I am in a church or in a place where weddings take place. There is a big wedding party, women dressed in all white and men dressed in all grey. A grey man comes up to me and says "Are we going to do this or not?" I think I am supposed to be the one getting married. I go upstairs to the balcony and look down. On my left is a girl about 6 years old, wearing an emerald green (reminds me of the Wizard of Oz and the man behind the curtain) colored satin dress and the same colored ribbon in her hair. She has long dark hair. I look down on the ceremony and watch the attendants make their way to the alter and line up. They are all looking at each other.

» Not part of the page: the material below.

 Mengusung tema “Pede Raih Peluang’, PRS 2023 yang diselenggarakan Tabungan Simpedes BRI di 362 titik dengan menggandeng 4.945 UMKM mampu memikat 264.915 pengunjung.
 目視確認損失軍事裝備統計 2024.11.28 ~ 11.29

(If you watch or remember The Games of Thrones last season, Arya, a young tomboyish girl with short dark hair, was in training at the House of Black and White. The following is a description of the house and then I will get back to my dream.

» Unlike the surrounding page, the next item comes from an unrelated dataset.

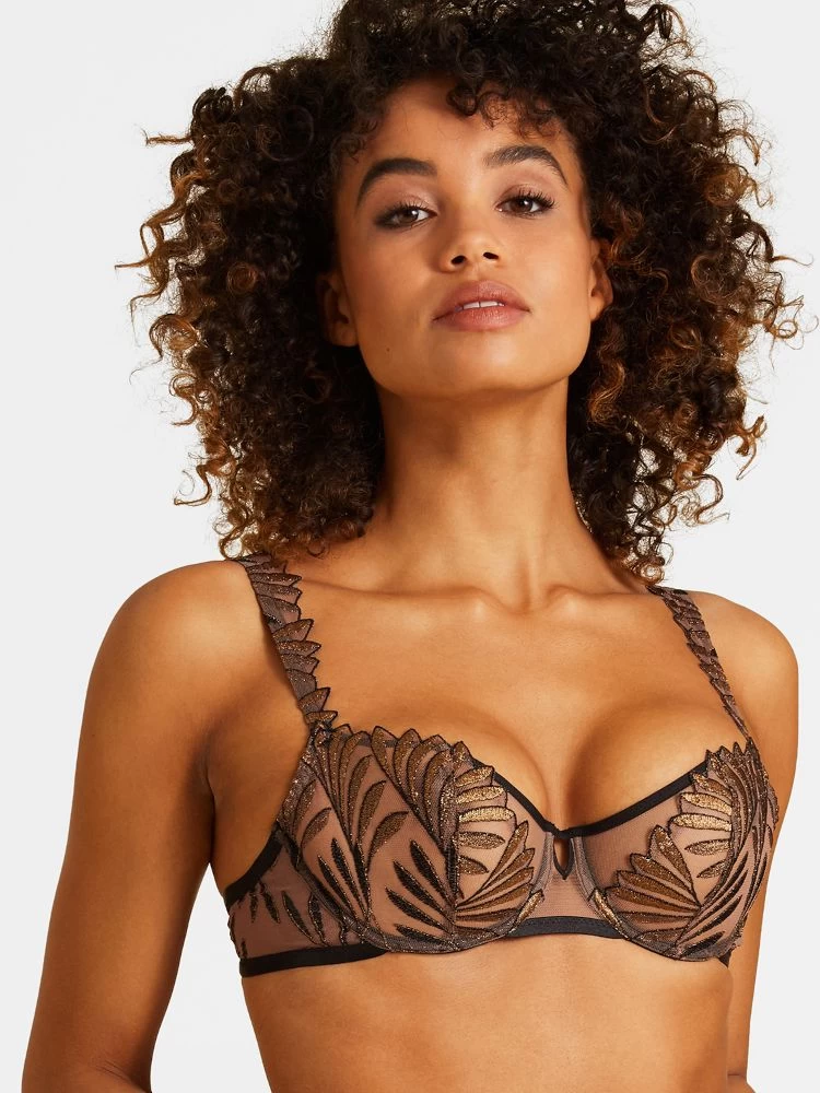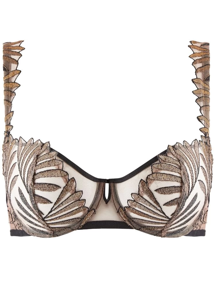 Der hochwertige Halbschalen BH SENSORY ILLUSION mit goldener Rankenstickerei von Aubade ist luxuriöse Unterwäsche aus Frankreich. Die Sensory Illusion Kollektion von Aubade entstand in der Zusammenarbeit mit der niederländischen Modedesignerin Iris Van Herpen.

"The House of Black and White. This is where you'll find the man you seek."
―Ternesio Terys to Arya Stark[src]
The man Arya seeks will train her to be a warrior.

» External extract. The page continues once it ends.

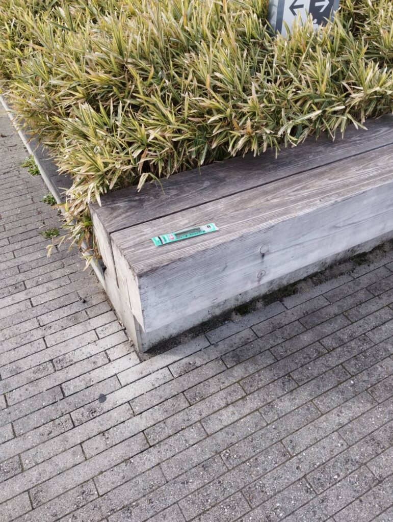 近くに交番もなく、お店やマンション、駅など管理主体の近隣ではなかったため、落とし主が戻ってきた際に、気付きやすいように近くのベンチに置くことに。

The House of Black and White is a temple in Braavos dedicated to the Many-Faced God. It also serves as the headquarters of the guild of assassins known as the Faceless Men. It sits alone on a small island in the lagoon of Braavos. Although can be reached by boat or bridge from other locations in the city, the island is usually deserted.
The interior of the House features a central sanctuary with a large pool in the center. The water filling the pool is poisoned, and is given out to those who are suffering and come to the temple to seek the release of death.
The sanctuary is lined with statues of many gods from many different faiths, from across both Essos and Westeros.
Specifically they are gods that represent death and the unknown, such as the Stranger from the Faith of the Seven. The Faceless Men believe that all of these death gods are really one god who has revealed Himself to humanity in different ways: the Many Faced God of Death.[1]
Statues of deities represented in the sanctuary include:
The Stranger from the Faith of the Seven
A weirwood face, of the kind carved into heart trees to honor the Old Gods of the Forest
The Drowned God of the Iron Islands
The fiery heart of the Lord of Light
The Black Goat of Qohor
The Lion of Night from Yi Ti
The Weeping Woman of Lys
When first entering the House of Black and White, Arya Stark notes the statue of a marble woman, 12 feet tall (3,66 meters). Real tears are trickling from the eyes, filling the bowl the woman cradled in her arms. The statue of a man with a lion's head stands nearby. The latter is The Lion of Night.
(It is odd that I had that dream about a similar stone statue recently. And that my father used to call everyone "the Lion Hearted." He was much more lion headed than he was lion hearted.)
Hall of Faces Edit
The deepest level of the House of Black and White is the Hall of Faces, an enormous vault with stone pillars, where the faces of the hundreds who die in the House of Black and White are kept to be employed as the basis for the face-changing abilities of the Faceless Men.)
I am sitting on the edge of the concrete pool. A tall thin woman appears and sits next to me. She is gold or beige, it is hard to tell. She is not wearing glasses, has a longish, sad face and almost has a man's body. She starts to sob and takes my left hand in hers.
She says "I married a man I did not even want. In the backyard they said that he had to go after someone younger, as someone his own age would never want him. That was me."